The AGM also authorized transfers of repurchased B-shares. The aim is to implement the 2005 share program in a cost-efficient and flexible manner, to fulfil the obligation to deliver shares under the program, and to cover costs that may arise as a result of the previous employee stock-option programs for 2000-2003.

A maximum of 1,500,000 B-shares may be transferred free of charge to the participants in the share program. During the period prior to the next AGM, a maximum of 1,107,235 B-shares may be transferred on the Stockholm Stock Exchange at the current market price in order to cover future costs of the employee stock-option programs for 2000-2003. These costs refer primarily to employer contributions.

Nomination Committee

The AGM decided that the company shall have a Nomination Committee, consisting of one representative of each of the four largest shareholders in the company in terms of voting rights, and the Chairman of the Board.
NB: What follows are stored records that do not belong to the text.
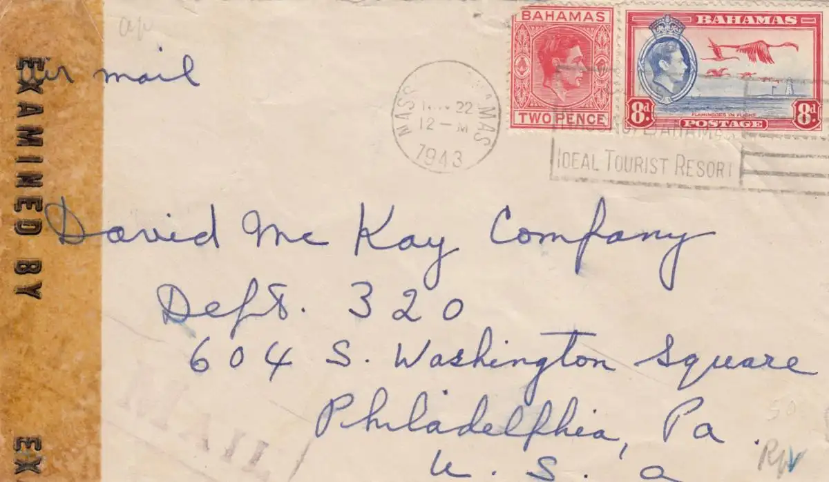 1943: Bahamas, Nassau to Philadelphia, Pa, USA, censor
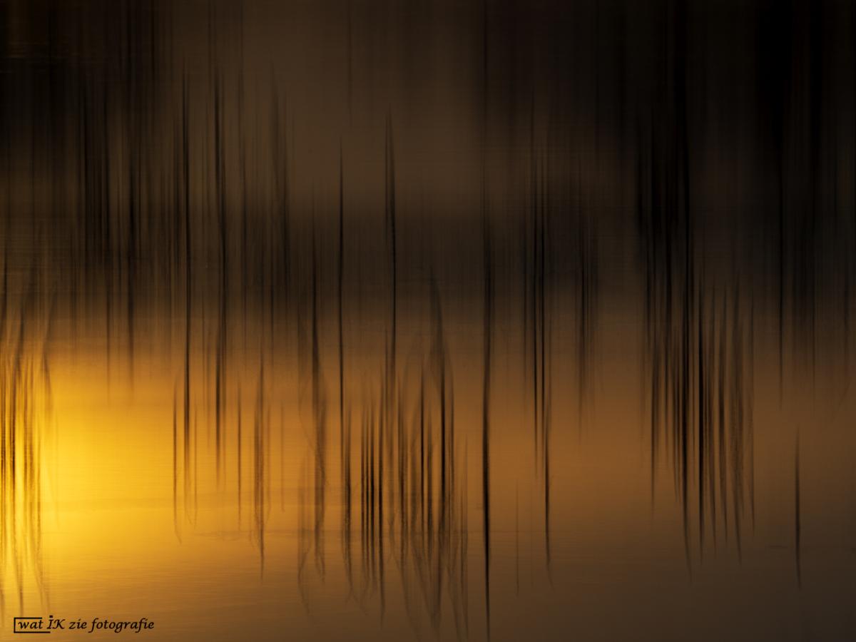 Zonsondergang aan het water, bij deze foto heb ik gebruik gemaakt van meerder technieken in een foto, waardoor een abstract beeld ontstond.
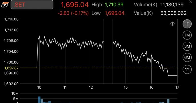 ดัชนีหุ้นไทยปิด 1,669.44 จุด ลบ 2.04 จุด กลุ่มแบงก์ขายหนี กนง.ลดดอกเบี้ย
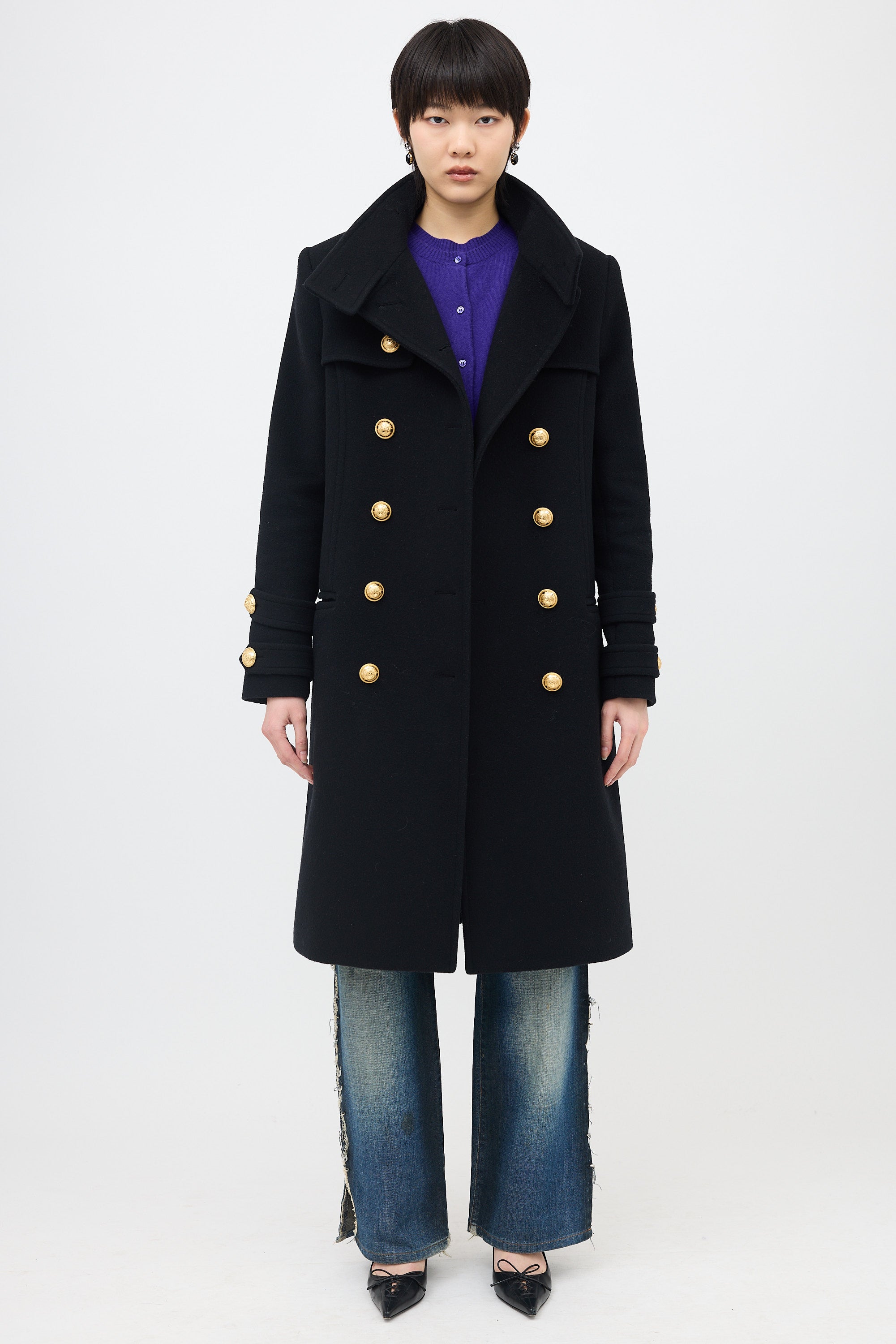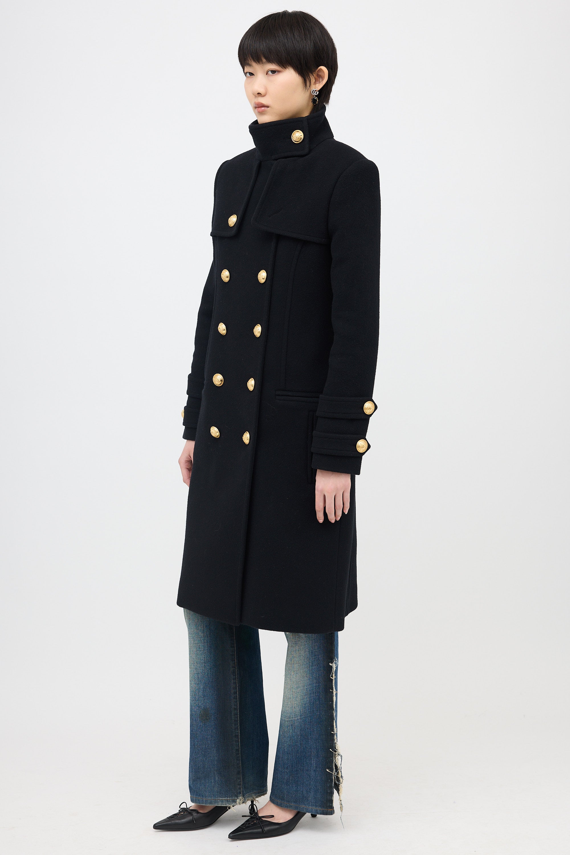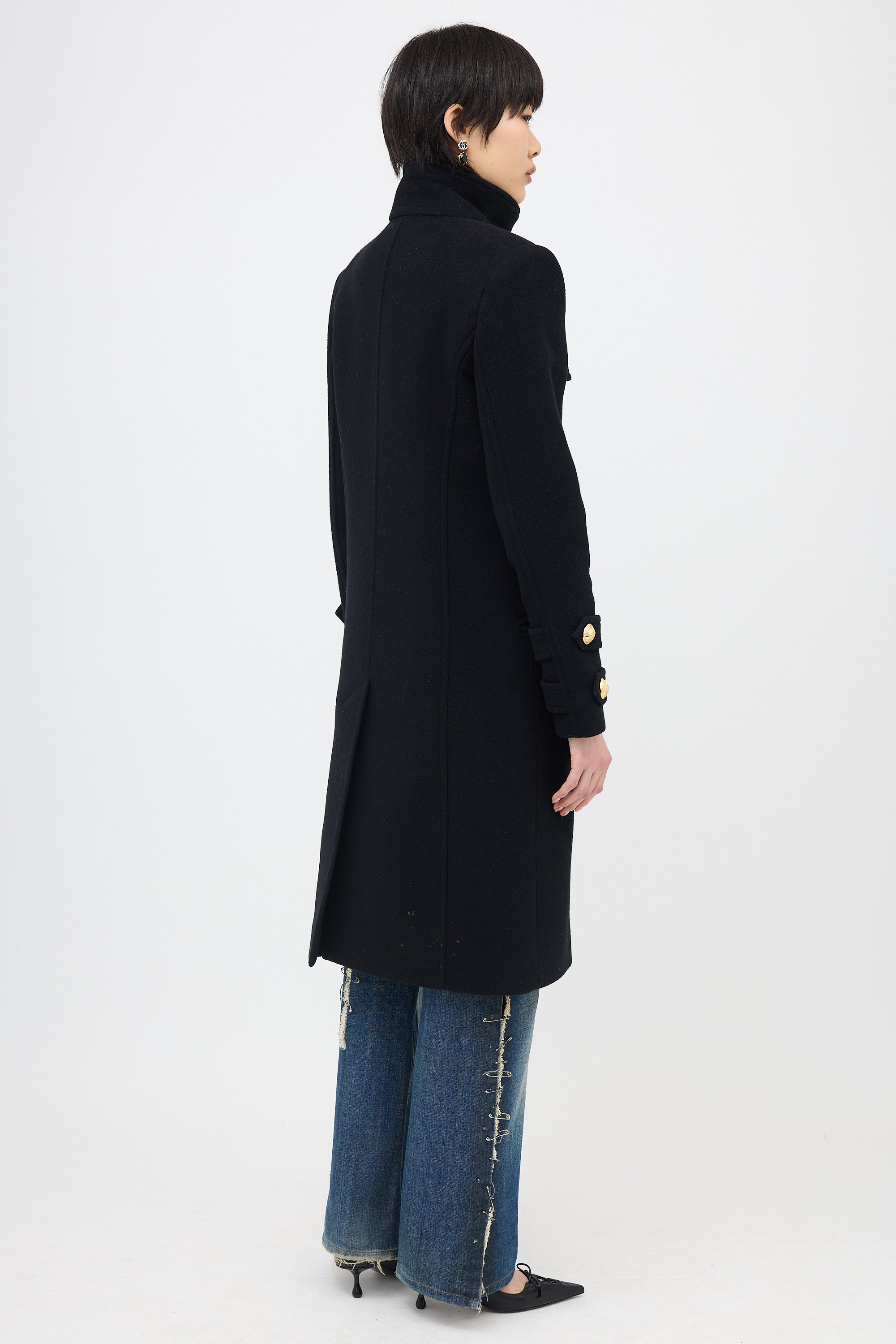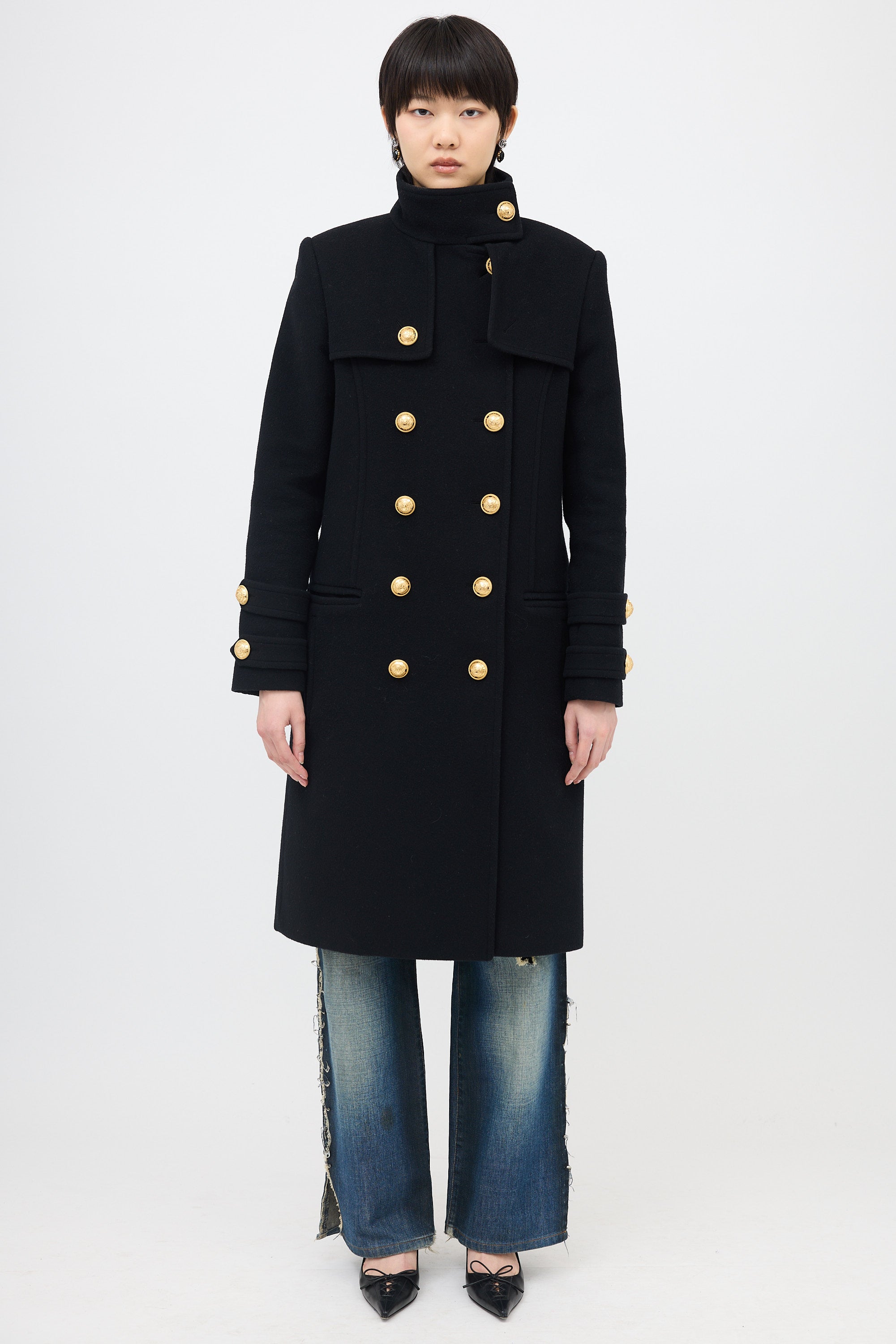 Pre-owned Balmain black wool and cashmere coat featuring gold tone crest buttons, stand collar with button fastening, button front, padded shoulder, storm flaps, double welt pockets, and back vent. Lined.

The names of the four representatives and the shareholders they represent shall be announced six months prior to the 2006 AGM.

The Nomination Committee shall prepare proposals for the AGM in 2006 regarding the Chairman of the AGM, the members of the Board of Directors, the chairman of the Board of Directors, directors fee’s, auditors, auditor’s fees and the nomination committee for the AGM in 2007. The AGM also decided that the company shall provide the Nomination Committee with personnel resources and also pay reasonable costs to enable the committee to fulfill its assignment.